By Staff | Dec 27, 2012

Students in Sacred Hearts Middle School teacher Mary Anna Waldrop’s class recently received ukuleles donated by Wayne Cochran.

LAHAINA – In 2007, Sacred Hearts Middle School teacher Mary Anna Waldrop led her students on a charge to protect Honolua Bay and Lipoa Point.

The West Side Catholic school posse joined forces with the Save Honolua Coalition and other students from across the island at the County Council Chambers in Wailuku to urge the allocation of funds to buy lands around the bay and the point. Their support helped to corral $1 million for the future acquisition of this community treasure.

Fast forward five years; Waldrop is celebrating a landmark, 60-year birthday.

“I went to Maui Surfboards to invite friends Wayne (Wayno) Cochran and his wife, West Maui Councilwoman Elle Cochran, to my birthday party,” she told her students and the Lahaina News.

She was stunned when Wayno made an offer she couldn’t refuse.

“I want to do something for your kids,” Wayno told her. “I want to do something for your school, to thank you for being a part of, from the beginning, the Save Honolua Coalition and for taking your students, getting them involved at the County Council.

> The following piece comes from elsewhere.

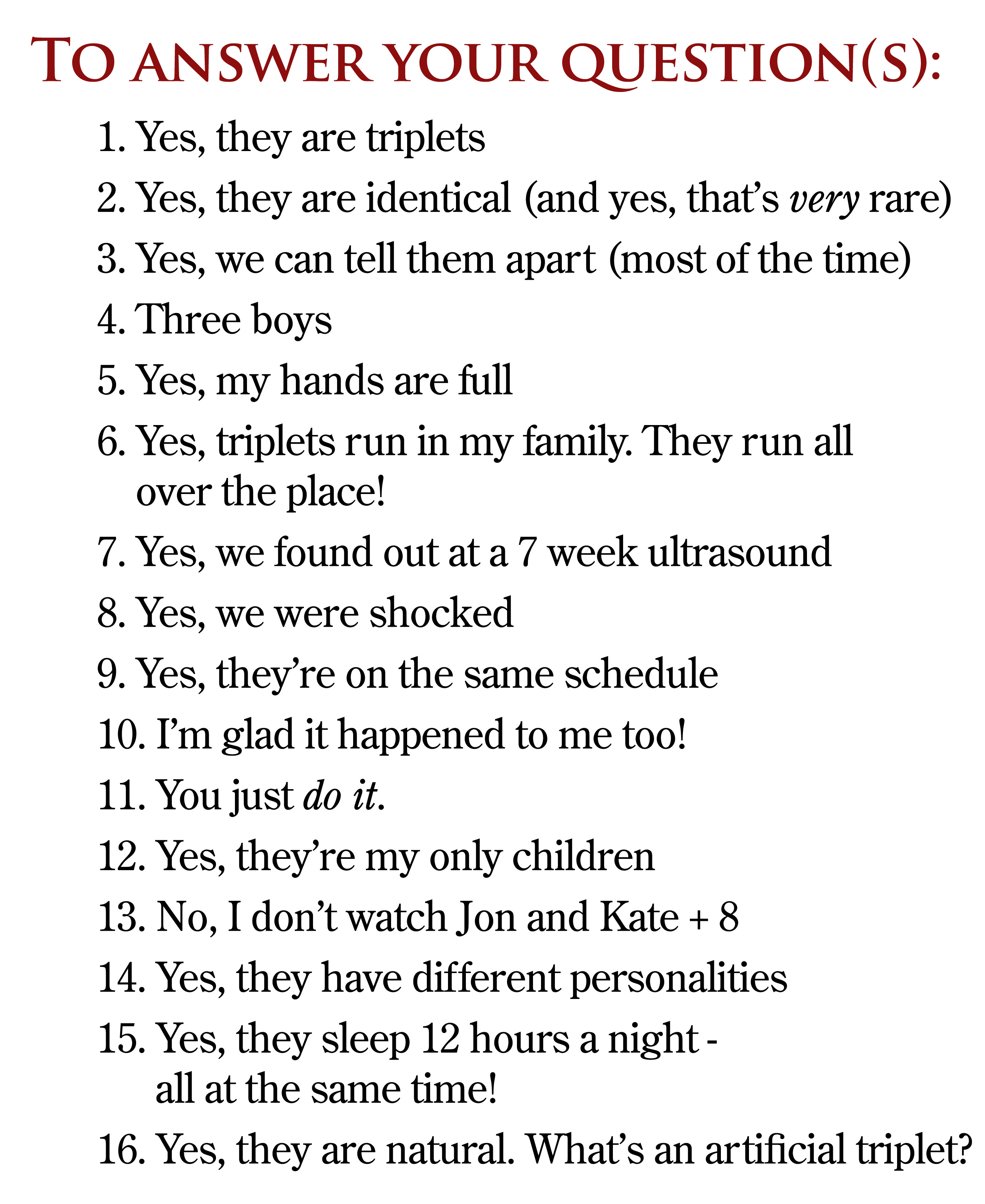 Hee hee. That last one made me giggle. Just a random question that you’ve probably been asked a billion times…if you have a twin, and say “oh, that’s my twin sister” or whatever, what do triplets say? Oh, that’s my triplet brother?

“So I’ve decided to give you some ukuleles. How many do you want?” he asked her in his signature Wayno laid-back style.

“And he gave us 15 ukuleles,” she said, just like that.

“I wanted them involved, because I was passionate about saving Honolua. I was passionate about students getting involved in government, and so that’s how it happened. I never knew that I was going to get 15 ukuleles back,” she added.

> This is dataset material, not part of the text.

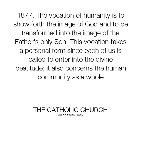 1877. The vocation of humanity is to show forth the image of God and to be transformed into the image of the Father's only Son. This vocation takes a personal form since each of us is called to enter into the divine beatitude; it also concerns the human community as a whole

Cochran has owned Maui Surfboards since 1966. He’s an instructor at Casco’s Taekwon-Do at Lahaina Civic Center, lives in Honolua Valley and was one of the cofounders of Save Honolua Coalition.

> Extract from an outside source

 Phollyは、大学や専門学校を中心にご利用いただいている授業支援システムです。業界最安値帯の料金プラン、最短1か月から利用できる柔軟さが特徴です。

He has a track record of giving back.

At his store across from the Kaanapali North Beach subdivision, “We give $2 every time we rent a snorkel. We gave (the proceeds) to the reef fund for a couple of years and then gave to the University of Hawaii,” he said.

“We’re so small, and we only gave a couple of thousand. I thought better to just donate ukuleles,” he commented.

“We gave 24 to Lori Koyama up at the (Lahaina) intermediate school, so they could have a ukulele club last year.

“Then we gave 15 to Mary Anna,” he remarked.

Wayno may be casual about his donations, but Waldrop and her students are not.

Max Easler is a seventh-grader at Sacred Hearts.

“I think that the person who donated these is very generous, and I think it’s great that he remembered a good deed that Mrs. Waldrop and her class did five years ago and thanked us for it by giving us these ukuleles today,” he said.

Fellow student “JP” (James Preston) agreed with Easler.

“I think these will benefit the school in the long run, because once we can learn how to play them, we can teach the lower grades. If we’re proactive about it, eventually we’ll have everybody playing in a band,” JP added.

Erin Tsue has the highest respect for Cochran.

“He’s my Taekwon-Do teacher,” she commented.

The gift of music has taught her “how music can connect everyone. My cousins in Korea – they play ukulele, too. It can connect us everywhere around the world,” she said.

Waldrop considers the lesson well learned.

“The little gestures that we do are timeless. We never know where our gesture is going to go or take us,” the gifted teacher surmised.